2.5 Statistical analysisAll patients within the database satisfying the eligibility criteria were evaluated. To adjust for potential confounding between rivaroxaban and warfarin cohorts, a multivariable logistic regression model [17] was used to calculate propensity scores, considering demographics (age, sex, race, insurance type, US census region, type of AF diagnosis) and baseline characteristics (comorbidities, continuous or bilevel PAP, sleep study, surgical treatment of OSA, intracranial hemorrhage, stroke or systemic embolism, transient ischemic attack, major bleeding, prior cardiovascular procedures, number of hospitalizations during baseline, CHA2DS2-VASc score, HAS-BLED score, and concomitant medications). Estimated propensity scores were used to weight patients using an overlap weighting approach [18], which assigns weights to patients that are proportional to their probability of belonging to the opposite cohort and adjusts for confounders in all eligible patients. This allows all eligible patients to remain in the analysis, resulting in an exact balance between the cohorts. Sufficient overlap of the propensity score between the cohorts was assessed through the calculation of equipoise.
Demographic and baseline characteristics for each cohort were summarized using descriptive statistics (categorical variables as percentages; continuous variables as means and SDs).

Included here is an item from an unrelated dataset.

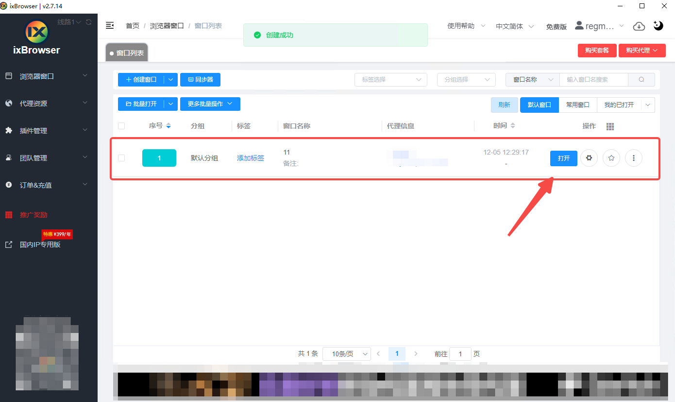 可以查看到新建了一个指纹浏览器窗口,点击打开就可以开始在代理环境下使用了。

Time-to-first-event outcomes were assessed using propensity score overlap weighted Cox proportional hazards regression models using a robust estimator to calculate hazard ratios and corresponding 95% CIs. All-cause HCRU was reported as PPPY, calculated as the number of events divided by total person-years of follow-up. Direct healthcare costs were reported as mean costs PPPY, calculated as the cost incurred during follow-up divided by the total person-years during follow-up. Between-group differences in HCRU and costs were estimated using a Poisson regression model with a log link (or negative-binomial models where appropriate to account for overdispersion). For exploratory subgroup analyses, propensity score models and weighting were rerun for each subgroup including the same variables as the primary analysis. To assess adherence, the proportion of days covered was calculated as the ratio of the number of days covered by the index medication prescription dispensed during the follow-up period divided by the number of days of follow-up. A proportion of days covered threshold ≥ 0.8 was considered adherent, and < 0.8 was considered nonadherent. The proportions of patients adherent to each treatment were compared with an odds ratio and 95% CIs.
All database management and statistical analysis were performed using SAS version 9.4 (SAS Institute, Cary, NC, USA). A P-value < 0.05 was considered statistically significant.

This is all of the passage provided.